🤖 AI Summary
Existing concept control methods rely on model retraining, incurring high computational costs and poor generalizability across diffusion models. This work proposes a lightweight, plug-and-play continuous concept control framework that requires no fine-tuning of either the diffusion model or the text encoder. It identifies low-rank semantic directions within a frozen pre-trained CLIP text encoder and employs LoRA adapters to enable learnable, continuous sliding control in the text embedding space. The approach supports multi-concept composition and layout preservation, and is natively compatible with diverse text-to-image and text-to-video diffusion models. Experiments demonstrate that our method trains 5× faster than Concept Slider and 47× faster than Attribute Control, while reducing GPU memory consumption by 2–4×. These improvements significantly enhance scalability and real-time editing capability.
📝 Abstract
Recent advances in diffusion models have significantly improved image and video synthesis.

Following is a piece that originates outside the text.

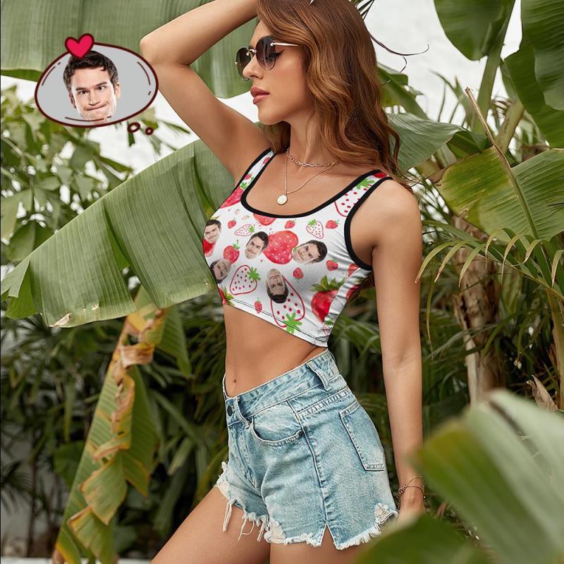 Custom Women's Photo Short Vest Personalised Face Tank Top Crop Top - Strawberry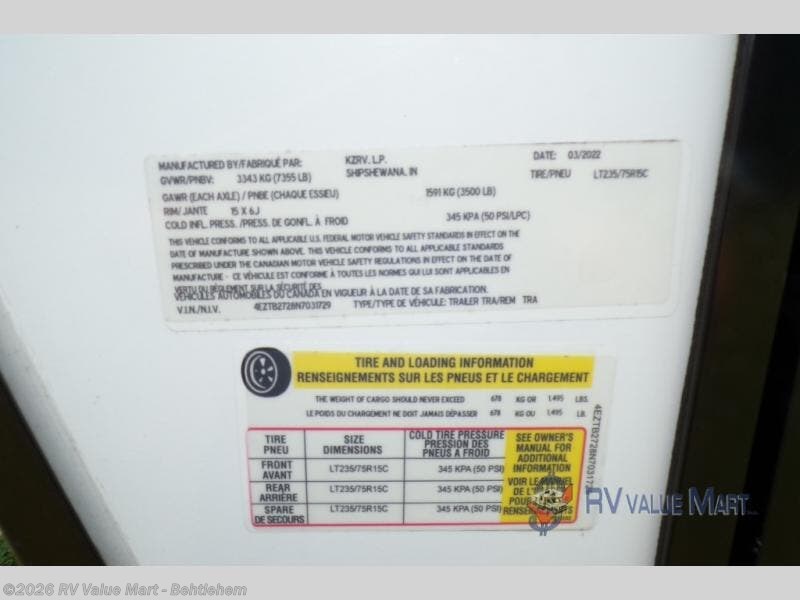 Request More Info on this 2022 K-Z Confluence 25RL Offered for sale by RV Value Mart - Behtlehem

In addition, several concept control methods have been proposed to enable fine-grained, continuous, and flexible control over free-form text prompts. However, these methods not only require intensive training time and GPU memory usage to learn the sliders or embeddings but also need to be retrained for different diffusion backbones, limiting their scalability and adaptability. To address these limitations, we introduce Text Slider, a lightweight, efficient and plug-and-play framework that identifies low-rank directions within a pre-trained text encoder, enabling continuous control of visual concepts while significantly reducing training time, GPU memory consumption, and the number of trainable parameters. Furthermore, Text Slider supports multi-concept composition and continuous control, enabling fine-grained and flexible manipulation in both image and video synthesis. We show that Text Slider enables smooth and continuous modulation of specific attributes while preserving the original spatial layout and structure of the input. Text Slider achieves significantly better efficiency: 5$ imes$ faster training than Concept Slider and 47$ imes$ faster than Attribute Control, while reducing GPU memory usage by nearly 2$ imes$ and 4$ imes$, respectively.